Within Eq. (1) above, \(h(\varvec{G}_{ij})\) is a function of \(\varvec{G}_{ij} \) defined through a positive semidefinite kernel function \(k( {\cdot ,\,\cdot } ).\) Following Liu et al. [20] and Kwee et al. [16], \(h(\varvec{G}_{ij} )\) can be represented as \(\mathop \sum \nolimits _{i^{\prime }} \mathop \sum \nolimits _{j^{\prime }} \vartheta _{i^{\prime }j^{\prime }} k( {\varvec{G}_{ij} ,\,\varvec{G}_{i^{\prime }j^{\prime }} } ),\) where \(\vartheta _{i^{\prime }j^{\prime }}\) are unknown parameters. It is worth noting that the kernel function, \(k(\varvec{G}_{ij} ,\,\varvec{G}_{i^{\prime }j^{\prime }}), \) measures the genetic similarity between subject j in family i and subject \(j^{\prime }\) in family \(i^{\prime }\) and contrasts this similarity to phenotypic similarity between the two subjects. It has been shown that appropriate choice of the kernel can increase the power [37]. Frequently used kernels include the identity by state (IBS) kernel or the linear kernel. The IBS kernel, which takes the form \(k({\varvec{G}}_{ij} ,\,{\varvec{G}}_{i^{\prime }j^{\prime }}) = { \sum \nolimits _{l=1}^s}( {2-| {G_{ijl} -G_{i^{\prime }j^{\prime }l}}|} ),\) measures the genetic similarity as the number of alleles that share by state. It assumes a nonlinear effect of each rare variant and can thus enable the study of epistatic effects. The linear kernel, on the other hand, assumes a linear relationship between the trait and the variants. The kernel takes the form \(k({\varvec{G}}_{ij} ,\,G_{i^{\prime }j^{\prime }}) = {{\sum \nolimits _{l=1}^s}} ( {G_{ijl} G_{i^{\prime }j^{\prime }l} } ).\) Additionally, we can include prior knowledge of variants that are possibly causal in the gene by assigning each variant a weight. If prior knowledge is not available, weights can also be calculated as a function of minor allele frequency (MAF; under the logic that the rarer the allele, the more likely it is selected against and therefore the more likely it is to be pathogenic). Wu et al. [37] suggest calculating the weights based on a beta distribution, which assigns greater weight to less frequent variants. For a given weight, we can create weighted kernels such as the weighted linear kernel \(k({\varvec{G}}_{ij} ,\,{\varvec{G}}_{i^{\prime }j^{\prime }})={\sum \nolimits _{l=1}^s} w_l ( {G_{ijl} G_{i^{\prime }j^{\prime }l} })\), where \(w_{l}\) denotes a normalized weight for variant l in the gene.

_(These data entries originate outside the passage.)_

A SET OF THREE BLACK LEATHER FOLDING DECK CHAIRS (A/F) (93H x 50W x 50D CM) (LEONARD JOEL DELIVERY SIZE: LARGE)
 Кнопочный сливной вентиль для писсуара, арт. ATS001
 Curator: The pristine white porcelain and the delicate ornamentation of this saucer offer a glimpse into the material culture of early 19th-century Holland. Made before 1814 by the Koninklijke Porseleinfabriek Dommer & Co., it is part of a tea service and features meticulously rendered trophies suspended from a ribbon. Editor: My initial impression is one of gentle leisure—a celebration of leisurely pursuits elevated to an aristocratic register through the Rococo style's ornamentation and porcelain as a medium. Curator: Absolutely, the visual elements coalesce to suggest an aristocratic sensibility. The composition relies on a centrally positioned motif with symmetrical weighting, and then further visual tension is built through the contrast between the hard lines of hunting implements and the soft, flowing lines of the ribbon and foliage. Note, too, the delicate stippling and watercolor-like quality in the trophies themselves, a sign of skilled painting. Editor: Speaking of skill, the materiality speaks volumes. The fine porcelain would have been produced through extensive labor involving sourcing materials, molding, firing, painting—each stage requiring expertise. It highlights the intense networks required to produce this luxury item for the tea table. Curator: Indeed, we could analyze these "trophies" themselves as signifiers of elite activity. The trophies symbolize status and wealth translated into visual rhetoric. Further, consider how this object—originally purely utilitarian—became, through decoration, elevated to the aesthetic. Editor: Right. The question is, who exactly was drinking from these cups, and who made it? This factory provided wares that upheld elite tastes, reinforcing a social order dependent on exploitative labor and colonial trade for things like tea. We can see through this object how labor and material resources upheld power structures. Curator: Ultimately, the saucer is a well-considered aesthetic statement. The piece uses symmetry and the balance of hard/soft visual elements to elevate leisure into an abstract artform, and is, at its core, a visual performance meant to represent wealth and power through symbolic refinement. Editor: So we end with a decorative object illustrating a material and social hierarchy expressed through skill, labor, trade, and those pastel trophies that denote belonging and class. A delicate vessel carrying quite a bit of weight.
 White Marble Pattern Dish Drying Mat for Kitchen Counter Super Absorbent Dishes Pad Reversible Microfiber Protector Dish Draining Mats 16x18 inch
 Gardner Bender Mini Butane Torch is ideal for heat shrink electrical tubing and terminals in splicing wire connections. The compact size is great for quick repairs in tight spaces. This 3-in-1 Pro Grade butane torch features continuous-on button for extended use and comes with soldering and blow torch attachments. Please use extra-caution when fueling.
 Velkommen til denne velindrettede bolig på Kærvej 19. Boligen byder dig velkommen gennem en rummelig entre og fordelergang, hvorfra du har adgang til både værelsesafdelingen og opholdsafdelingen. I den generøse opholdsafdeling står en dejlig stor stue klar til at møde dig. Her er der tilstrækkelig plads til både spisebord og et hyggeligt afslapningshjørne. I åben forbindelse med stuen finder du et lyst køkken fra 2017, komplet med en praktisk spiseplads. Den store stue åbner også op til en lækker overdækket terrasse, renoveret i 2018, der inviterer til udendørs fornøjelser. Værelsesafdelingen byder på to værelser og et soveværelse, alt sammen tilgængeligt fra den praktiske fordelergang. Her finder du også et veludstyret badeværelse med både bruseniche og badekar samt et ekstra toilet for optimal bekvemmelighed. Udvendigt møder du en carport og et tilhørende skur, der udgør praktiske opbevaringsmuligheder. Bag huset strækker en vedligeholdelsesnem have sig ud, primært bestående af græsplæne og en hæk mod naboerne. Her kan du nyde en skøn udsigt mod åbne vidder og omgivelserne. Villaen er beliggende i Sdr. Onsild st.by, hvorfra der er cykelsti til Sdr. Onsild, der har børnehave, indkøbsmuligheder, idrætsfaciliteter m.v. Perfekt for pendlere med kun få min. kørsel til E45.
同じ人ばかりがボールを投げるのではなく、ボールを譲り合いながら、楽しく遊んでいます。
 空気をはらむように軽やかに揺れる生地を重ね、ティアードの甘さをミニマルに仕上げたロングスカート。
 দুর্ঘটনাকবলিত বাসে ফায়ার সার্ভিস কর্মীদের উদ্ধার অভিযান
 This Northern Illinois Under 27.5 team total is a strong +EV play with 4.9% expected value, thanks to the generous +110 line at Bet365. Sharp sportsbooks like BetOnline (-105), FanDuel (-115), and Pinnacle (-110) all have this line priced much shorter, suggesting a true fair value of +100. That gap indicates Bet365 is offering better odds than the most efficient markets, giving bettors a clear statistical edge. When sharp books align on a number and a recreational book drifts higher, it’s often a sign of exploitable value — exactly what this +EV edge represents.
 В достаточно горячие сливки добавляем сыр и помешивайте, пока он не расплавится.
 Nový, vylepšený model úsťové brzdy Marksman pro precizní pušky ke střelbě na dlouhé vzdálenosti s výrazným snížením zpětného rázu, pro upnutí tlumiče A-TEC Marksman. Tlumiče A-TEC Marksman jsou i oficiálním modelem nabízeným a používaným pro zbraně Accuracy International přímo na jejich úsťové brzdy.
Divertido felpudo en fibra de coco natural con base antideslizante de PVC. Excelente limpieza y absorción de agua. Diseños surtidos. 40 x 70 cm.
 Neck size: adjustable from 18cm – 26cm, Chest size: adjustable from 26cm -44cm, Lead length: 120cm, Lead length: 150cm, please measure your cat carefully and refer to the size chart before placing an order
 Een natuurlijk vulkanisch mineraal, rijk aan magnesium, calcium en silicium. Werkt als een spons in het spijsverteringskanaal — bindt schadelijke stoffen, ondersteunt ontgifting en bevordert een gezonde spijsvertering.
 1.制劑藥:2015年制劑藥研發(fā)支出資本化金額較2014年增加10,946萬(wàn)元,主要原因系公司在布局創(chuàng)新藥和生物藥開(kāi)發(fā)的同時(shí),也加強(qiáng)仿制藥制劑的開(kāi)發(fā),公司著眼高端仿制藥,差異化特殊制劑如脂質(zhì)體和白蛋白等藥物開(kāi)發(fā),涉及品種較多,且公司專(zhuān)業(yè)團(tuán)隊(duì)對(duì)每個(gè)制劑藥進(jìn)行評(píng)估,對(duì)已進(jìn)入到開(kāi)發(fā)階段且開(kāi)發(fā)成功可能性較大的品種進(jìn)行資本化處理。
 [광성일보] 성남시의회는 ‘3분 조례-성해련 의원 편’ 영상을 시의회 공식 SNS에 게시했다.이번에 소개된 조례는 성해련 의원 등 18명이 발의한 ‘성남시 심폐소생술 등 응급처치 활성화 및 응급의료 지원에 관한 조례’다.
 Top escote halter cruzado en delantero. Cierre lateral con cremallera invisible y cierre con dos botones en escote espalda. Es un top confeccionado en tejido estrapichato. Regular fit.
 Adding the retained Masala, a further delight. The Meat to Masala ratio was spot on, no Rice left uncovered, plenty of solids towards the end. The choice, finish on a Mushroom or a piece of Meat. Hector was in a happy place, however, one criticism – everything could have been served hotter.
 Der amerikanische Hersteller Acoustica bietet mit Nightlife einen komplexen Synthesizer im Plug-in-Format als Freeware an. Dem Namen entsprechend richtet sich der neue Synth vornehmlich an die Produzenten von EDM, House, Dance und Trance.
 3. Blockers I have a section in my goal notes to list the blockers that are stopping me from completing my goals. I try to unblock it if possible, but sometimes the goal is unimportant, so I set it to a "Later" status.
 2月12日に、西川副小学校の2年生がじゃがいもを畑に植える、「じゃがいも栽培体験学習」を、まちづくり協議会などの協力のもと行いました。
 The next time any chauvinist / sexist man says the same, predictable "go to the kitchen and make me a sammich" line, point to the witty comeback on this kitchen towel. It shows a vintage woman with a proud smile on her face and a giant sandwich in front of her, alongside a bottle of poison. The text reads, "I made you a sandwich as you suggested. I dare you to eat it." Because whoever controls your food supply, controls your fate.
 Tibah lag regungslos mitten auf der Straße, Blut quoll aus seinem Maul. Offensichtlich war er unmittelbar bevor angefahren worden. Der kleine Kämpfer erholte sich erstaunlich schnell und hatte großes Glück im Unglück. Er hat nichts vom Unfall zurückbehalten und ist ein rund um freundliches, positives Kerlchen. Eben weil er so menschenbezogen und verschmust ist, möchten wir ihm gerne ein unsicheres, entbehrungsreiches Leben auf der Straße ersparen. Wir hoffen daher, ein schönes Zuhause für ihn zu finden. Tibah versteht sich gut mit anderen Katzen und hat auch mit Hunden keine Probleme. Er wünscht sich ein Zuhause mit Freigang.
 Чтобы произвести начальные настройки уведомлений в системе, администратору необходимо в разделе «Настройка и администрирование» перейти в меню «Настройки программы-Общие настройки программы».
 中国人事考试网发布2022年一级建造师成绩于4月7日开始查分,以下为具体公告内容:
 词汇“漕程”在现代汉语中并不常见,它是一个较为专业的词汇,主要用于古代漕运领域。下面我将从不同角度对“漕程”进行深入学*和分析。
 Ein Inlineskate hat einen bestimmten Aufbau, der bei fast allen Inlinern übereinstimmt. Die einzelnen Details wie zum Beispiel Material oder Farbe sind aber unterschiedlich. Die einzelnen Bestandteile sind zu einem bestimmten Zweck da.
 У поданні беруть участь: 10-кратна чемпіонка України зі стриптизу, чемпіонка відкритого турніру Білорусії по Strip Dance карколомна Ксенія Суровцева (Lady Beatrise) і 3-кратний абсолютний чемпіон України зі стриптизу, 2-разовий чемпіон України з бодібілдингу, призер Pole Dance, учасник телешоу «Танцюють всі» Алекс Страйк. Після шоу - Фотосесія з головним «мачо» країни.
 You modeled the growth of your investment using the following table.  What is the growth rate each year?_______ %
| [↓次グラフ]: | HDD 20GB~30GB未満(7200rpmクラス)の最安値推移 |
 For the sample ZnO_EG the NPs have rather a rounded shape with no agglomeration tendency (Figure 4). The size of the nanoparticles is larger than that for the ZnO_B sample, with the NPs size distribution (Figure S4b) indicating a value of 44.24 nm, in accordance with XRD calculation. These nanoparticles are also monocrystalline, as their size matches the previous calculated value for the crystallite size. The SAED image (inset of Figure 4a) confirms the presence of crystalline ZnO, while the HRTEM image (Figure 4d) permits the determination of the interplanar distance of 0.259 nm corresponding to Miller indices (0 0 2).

It can be easily shown that the estimator of h takes the same form as in the linear mixed model with h as a random effect [20, 30]:

$$\begin{aligned} y=X\alpha +h+f+e, \end{aligned}$$
(2)

where \({\varvec{\alpha }}\) is a \(c\times 1\) vector of coefficients for fixed effect \(\mathbf{X},\, {\varvec{h }}\) is an \(\mathop \sum \nolimits _{i=1}^N n_i \times 1 \) vector of random effects that follow an arbitrary distribution with mean 0 and variance \(\tau {\varvec{K}},\) where K is the genetic similarity matrix with element \(\langle {ij},\, i^{\prime }j^{\prime } \rangle \) equal to \(k({\varvec{G}}_{ij} ,\,{\varvec{G}}_{{i^{\prime }j^{\prime }}}) ;\, {\varvec{f}}=( {{\varvec{f}}_1^\mathrm{T} ,\,{\varvec{f}}_2^\mathrm{T},\ldots ,{\varvec{f}}_N^\mathrm{T} })^\mathrm{T} \sim N( {0,\,2\sigma _\mathrm{pg}^2 {\varvec{\Phi }}} ),\) where \({\varvec{\Phi }}\) is a block diagonal matrix with \({\varPhi }_{i}\) on the diagonal. Finally, \(e=( {{\varvec{e}}_1^\mathrm{T} ,\,{\varvec{e}}_2^\mathrm{T},\ldots ,{\varvec{e}}_N^\mathrm{T} } )^\mathrm{T} \sim N( {0,\,\sigma _e^2 \mathbf{I}}).\) Thus, the test of whether genotype is associated with the outcome is equivalent to testing whether the random component h equals 0 or not. We adopted the variance component score test, which is the locally most powerful test [19]. As \({\varvec{h}}\) has the variance of \(\tau {\varvec{K}},\) the test of whether \({\varvec{h}}=0\) is equivalent to testing whether \(\tau = 0.\) The null hypothesis is H\(_{0}{\text {:}}\,\tau =0,\) and the test statistic takes the form:

$$\begin{aligned} Q=\frac{1}{2}\left( Y-X\hat{{\alpha }}_0\right) \hat{{V}}_0^{-1} K\hat{{V}}_0^{-1} \left( Y-X\hat{{\alpha }}_0\right) , \end{aligned}$$
(3)

where all parameters are estimated under the null hypothesis. \(\mathop {\widehat{V}_0 } =2 \widehat{{\sigma _\mathrm{pg}^2 }} {\varvec{\Phi }}+ \widehat{{\sigma _e^2 }} I\) denotes the sample variance/covariance matrix estimated under the null. To obtain the null distribution of Q,  we define a projection matrix \(P=\hat{{V}}_0^{-1} -\hat{{V}}_0^{-1} X(X^\mathrm{T}\hat{{V}}_0^{-1} X)^{-1}X^\mathrm{T}\hat{{V}}_0^{-1}\) such that \(P{\widehat{V}_{0}} P=P.\) Thus, under the null, we have

$$\begin{aligned} Q=\frac{1}{2}Y^\mathrm{T}PKPY=\sum \limits _{i=1}^N {\lambda _i \chi _{1i}^2 }, \end{aligned}$$
(4)

where \(\lambda _i\) are eigenvalues of \(\frac{1}{2}D\hat{{V}}_0^{-1/2} K\hat{{V}}_0^{-1/2} D,\) here \(D=I-\hat{{V}}_0^{-1/2} X(X^\mathrm{T}\hat{{V}}_0^{-1/2} X)^{-1}X^\mathrm{T}\hat{{V}}_0^{-1/2}. \) As \(\chi _{1i}^2 \) are independently and identically distributed random variables, Q is distributed as an asymptotic mixture of \(\chi ^2\) distributions, and the p-values can be calculated using the Davies method [9].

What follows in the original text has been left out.